Lupus is a complex systemic inflammatory disease with a broad spectrum of usually unpredictable symptoms. It is also a chronic disease that can manifest as a moderate or a devastating, life-threatening condition. When diagnosed with this autoimmune disorder, one of the ways people try to get more informed about it is by looking up recent and reliable lupus statistics.
What are the fundamental facts and numbers that people with lupus and their loved ones should know? What are the answers to the essential questions for the newly-diagnosed and long-term patients? What about the treatment options and their success? What quality of life can they expect?
Here, we collected the latest facts and stats about lupus to help you get crucial information about the disease.

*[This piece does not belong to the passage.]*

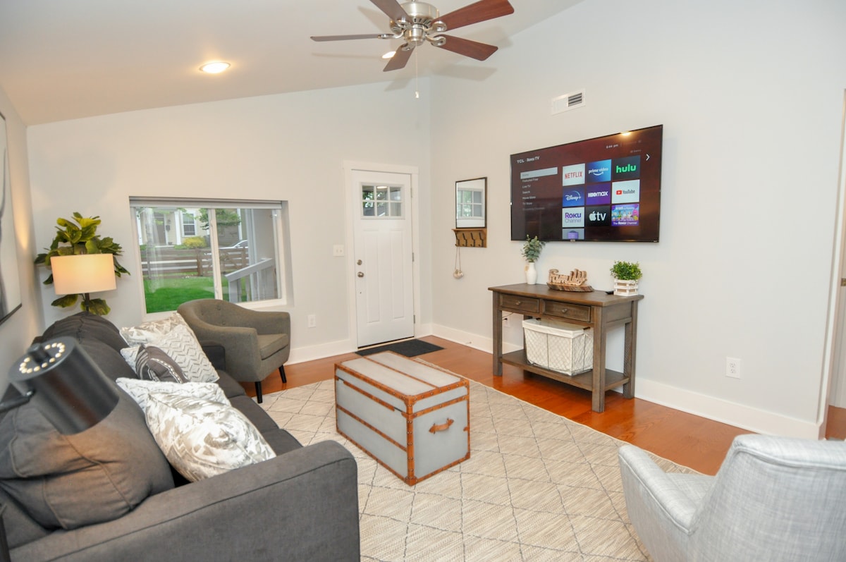 Fantastyczne miejsce na pobyt i odkrywanie tego, co Columbus ma do zaoferowania! Jedna przecznica od High Street, położona na skraju North Campus i Old North Columbus. Mnóstwo restauracji i barów w okolicy, z 2 kuponami rabatowymi o wartości 10 USD! Tylko 10 minut jazdy do tętniącego życiem Short North i Downtown. 20 minut spacerem do zabytkowego stadionu Ohio! Salon i sypialnie wyposażone są w telewizory Smart TV. Bezkluczykowe wejście z inteligentnym zamkiem. Nowe materace z pianki memory foam i rozkładane sofy do zasłużonego odpoczynku.
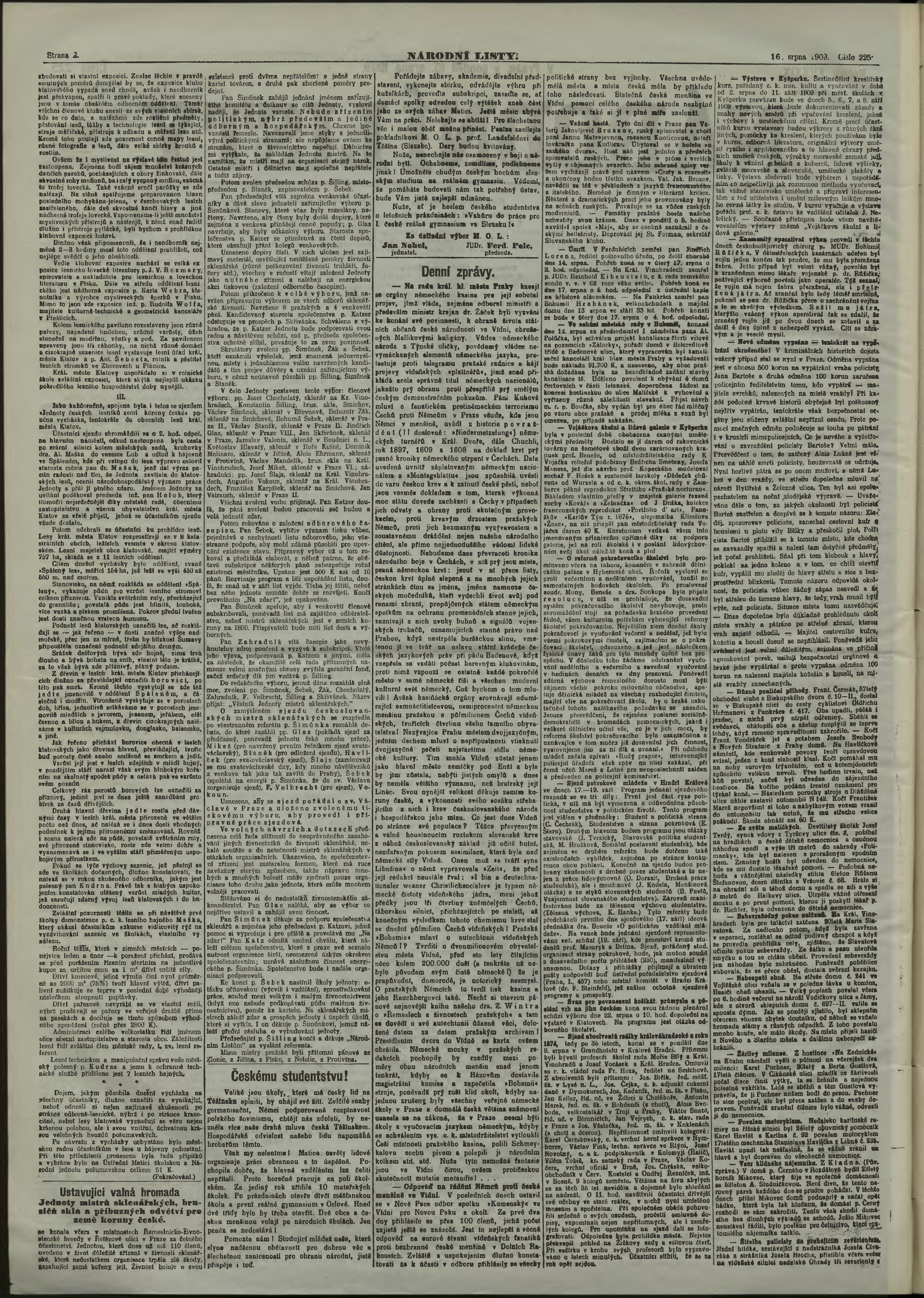 * Datum vydání výtisku: 16.8.1909 Číslo výtisku: 225 Poznámky k výtisku: ranní vydání;

Top 10 Facts and Stats That People With Lupus Should Know
- North America has the highest incidence and prevalence of lupus.
- New cases of lupus recorded a 3-fold rise in recent years.
- Lupus heritability is approximately 44%
- It takes 5 years on average for a person to be diagnosed with lupus.
- Female-to-male ratio of lupus is 10–15:1 in adults and 3–5:1 in children.
- Childhood lupus accounts for around 20% of lupus cases, according to lupus statistics.
- The rate of live births in pregnant women with lupus ranges between 85% and 90%.
- 14%–52% of hospitalizations of lupus patients are due to infections.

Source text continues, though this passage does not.